When a company files for Chapter 11 protection a second, third or even fourth time, who’s to blame?
Before a bankruptcy court can confirm a Chapter 11 plan of reorganization, it must find that confirmation of the plan isn’t likely to be followed by the need for further financial reorganization. This requirement is often referred to as the feasibility test. Despite the feasibility requirement, repeat Chapter 11 filings—so-called Chapter 22 and even Chapter 33 bankruptcy cases—are increasingly common.
Three factors seem to pervade the recent repeat filings, encouraging companies to speed through a balance-sheet restructuring or sale process without truly addressing operational problems: cheap money, recent Bankruptcy Code amendments and the rising cost of Chapter 11.
Cheap money.

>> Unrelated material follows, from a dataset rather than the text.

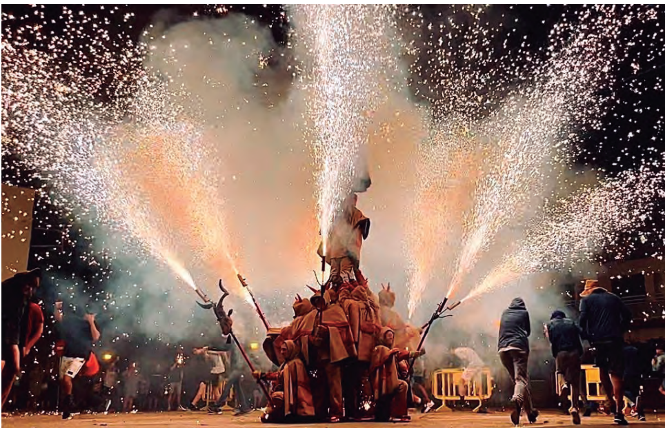
Actuació amb pilar de Foc inclòs del Grup de Diables d'Altafulla en el correfoç que van protagonitzar a Baix a Mar el passat 23 de juliol.

The increased availability of liquidity through extended existing credit facilities or new funding often encourages debtors to exit Chapter 11 with debt levels too high to sustain post-bankruptcy. As a result, they are back in through the revolving door of the bankruptcy court, often for an expedited sale process, in a relatively short time.

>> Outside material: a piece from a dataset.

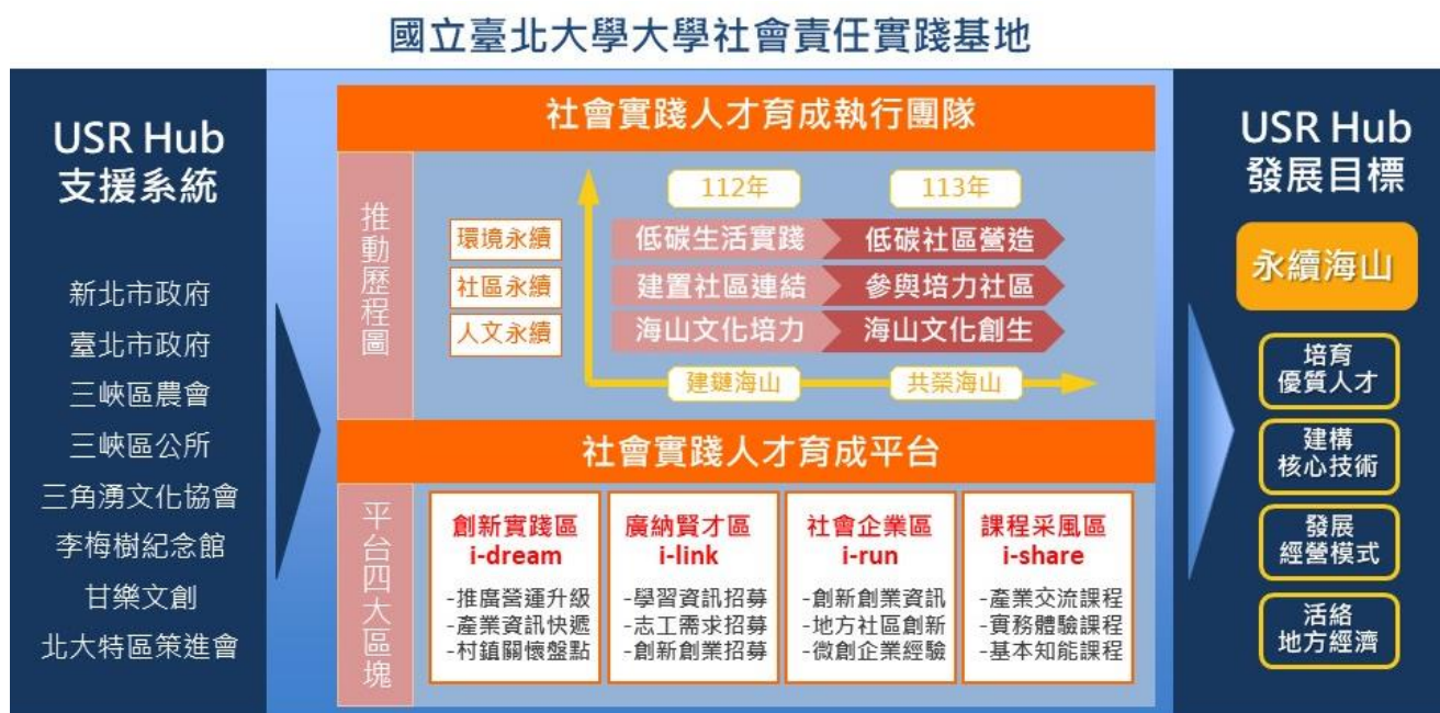
本校校級大學社會責任實踐基地(USR Hub,i-Can)永續運作之基礎推動架構圖

組織與資源，形成校內 USR 實踐場域與基地，作為永續經營的基礎。除現有校級 永續 辦公室之外，另包括 四 個 USR 計畫運作基地，分別為「校級研究中心-海山學研究中心」、「非營利組織-社團法人臺灣鳶山社會實踐協會」、「院級研究中心- 高齡與社區研究中心 」以及「 校級研究中心-全球變遷與永續科學研究中心 」。更進一步形成支持校級大學社會責任實踐基地(USR Hub,i-Can)永續運作之基礎推動架構（請見次頁圖示）。

BAPCPA’s leverage shift. A number of provisions in the Bankruptcy Abuse Prevention and Consumer Protection Act of 2005, or BAPCPA, shifted control of Chapter 11 proceedings away from debtors to other constituents. BAPCPA shortened the time period within which a debtor has the exclusive right to file a plan of reorganization and exit Chapter 11 before a hostile competing reorganization plan may be filed. This limits the time a debtor has in Chapter 11 to fix operational issues or negotiate with creditors. Once that deadline passes, any creditor or equity holder may file a plan—potentially stripping the debtor of control over its case (or at a minimum, setting the stage for an expensive confirmation fight). As a result, a debtor may propose a plan prematurely so that it can confirm its own plan within the exclusivity period.
BAPCPA also limits the time period a debtor has to assume or reject its real-estate leases, permitting just four months for analysis and renegotiation of leases (with a possible three-month extension), after which no further extensions are available without landlord consent. For a debtor with a significant number of leased properties, such as a retail chain, this can be a daunting task.
BAPCPA broadened creditor safe harbors, effectively preventing the unwinding of certain financial transactions to prevent the destabilization of the financial markets as a result of uncertain treatment in bankruptcy. BAPCPA also extended the look-back period for priority wage claims and created a new administrative expense for trade creditors who sold goods to the debtor within 20 days of filing. These protections translate to more claims against the debtor and less cash for the debtor’s estate.
The costs of Chapter 11. Beyond the incremental burdens imposed on a debtor by BAPCPA, the administrative costs associated with prosecuting a Chapter 11 have risen dramatically over the past decade. As a result, debtors frequently enter Chapter 11 with an eye to a quick exit, whether through a fast sale process or a restructuring plan pre-negotiated with certain key constituents, often without focusing on effectuating a true operational restructuring. A reorganized Chapter 11 debtor that inherits prior operational problems—especially when it already has too much debt on its post-exit balance sheet—has to fix its operational problems somewhere.
As a result of one or a combination of these factors, companies that file for Chapter 11 frequently make a return trip to bankruptcy court.